■ STORED DATA:
════════════════
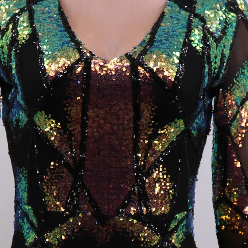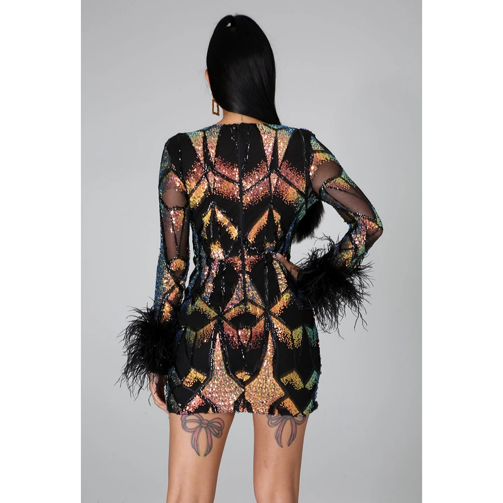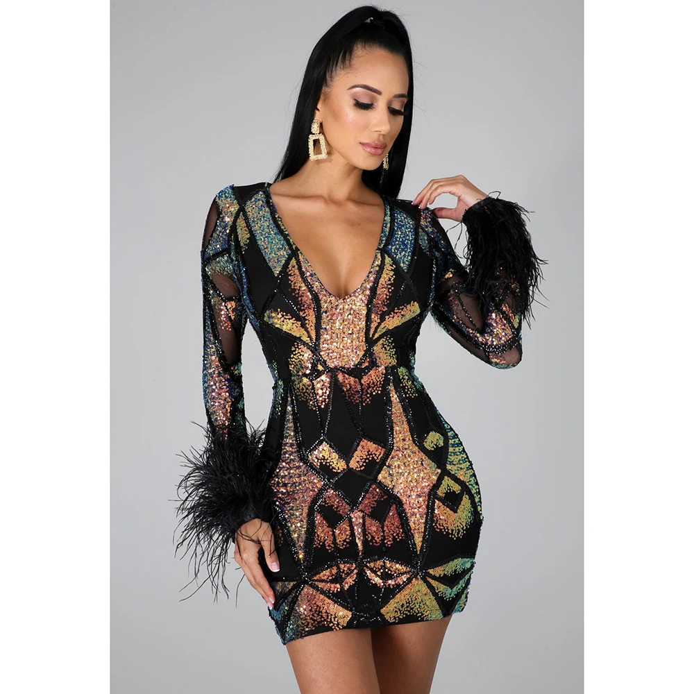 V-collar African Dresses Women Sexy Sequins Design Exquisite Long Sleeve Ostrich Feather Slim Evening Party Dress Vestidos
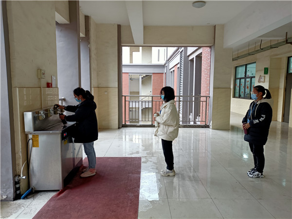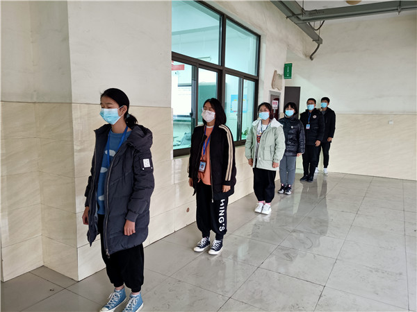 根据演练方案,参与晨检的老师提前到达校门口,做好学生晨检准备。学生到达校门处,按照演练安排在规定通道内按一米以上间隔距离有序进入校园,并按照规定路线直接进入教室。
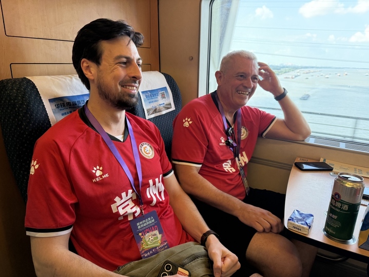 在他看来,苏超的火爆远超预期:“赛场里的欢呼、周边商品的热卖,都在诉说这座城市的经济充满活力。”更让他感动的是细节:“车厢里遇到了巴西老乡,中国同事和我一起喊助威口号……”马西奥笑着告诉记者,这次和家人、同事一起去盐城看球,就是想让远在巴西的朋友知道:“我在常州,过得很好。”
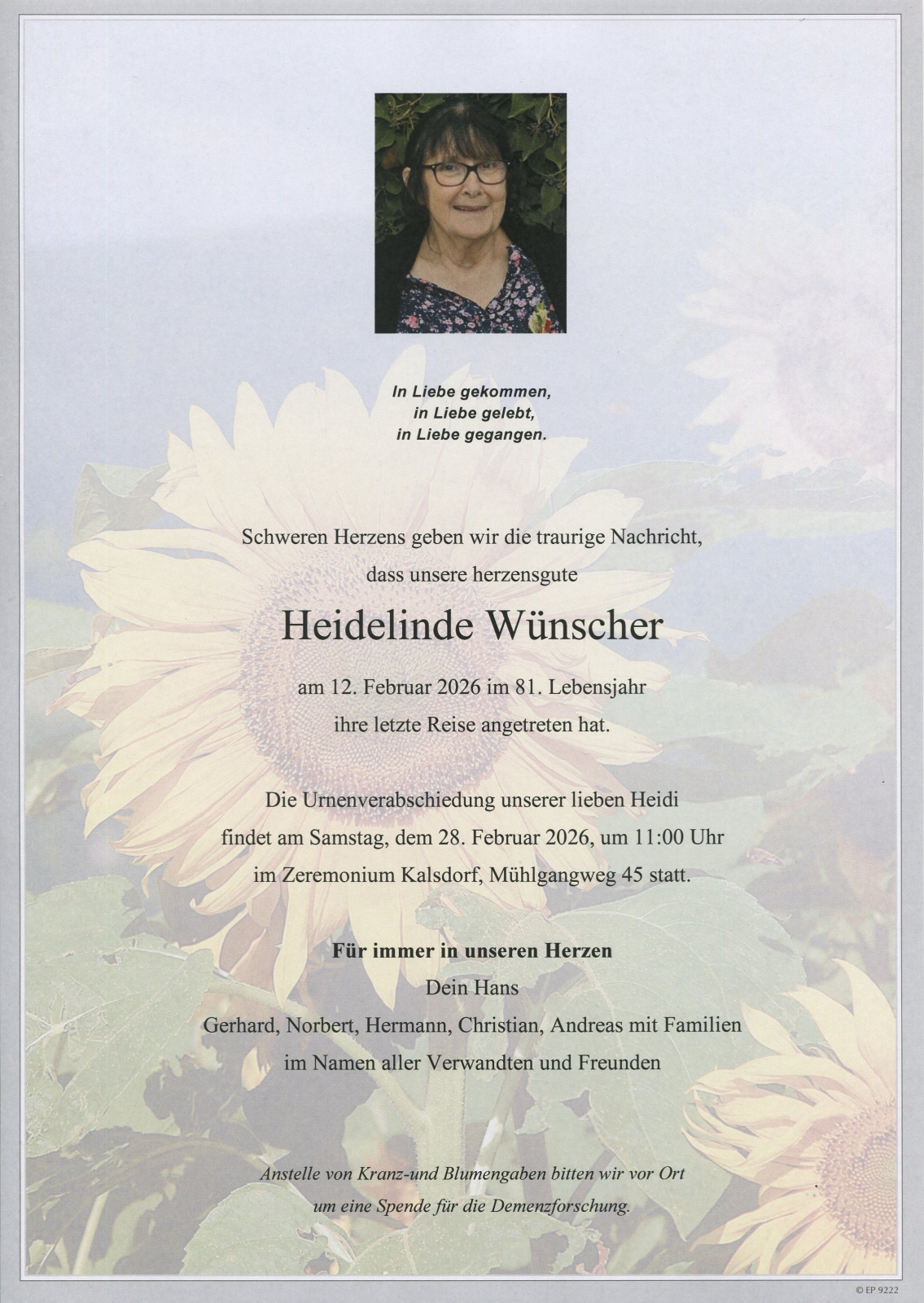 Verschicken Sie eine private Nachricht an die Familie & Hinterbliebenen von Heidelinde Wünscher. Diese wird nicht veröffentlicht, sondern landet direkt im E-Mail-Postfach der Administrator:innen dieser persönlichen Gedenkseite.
════════════════
■ PROBLEM DETAILS: Every line of the listing should be copied precisely, with images omitted.

■ OUTPUT BELOW:
 V-collar African Dresses Women Sexy Sequins Design Exquisite Long Sleeve Ostrich Feather Slim Evening Party Dress Vestidos
 根据演练方案,参与晨检的老师提前到达校门口,做好学生晨检准备。学生到达校门处,按照演练安排在规定通道内按一米以上间隔距离有序进入校园,并按照规定路线直接进入教室。
 在他看来,苏超的火爆远超预期:“赛场里的欢呼、周边商品的热卖,都在诉说这座城市的经济充满活力。”更让他感动的是细节:“车厢里遇到了巴西老乡,中国同事和我一起喊助威口号……”马西奥笑着告诉记者,这次和家人、同事一起去盐城看球,就是想让远在巴西的朋友知道:“我在常州,过得很好。”
 Verschicken Sie eine private Nachricht an die Familie & Hinterbliebenen von Heidelinde Wünscher. Diese wird nicht veröffentlicht, sondern landet direkt im E-Mail-Postfach der Administrator:innen dieser persönlichen Gedenkseite.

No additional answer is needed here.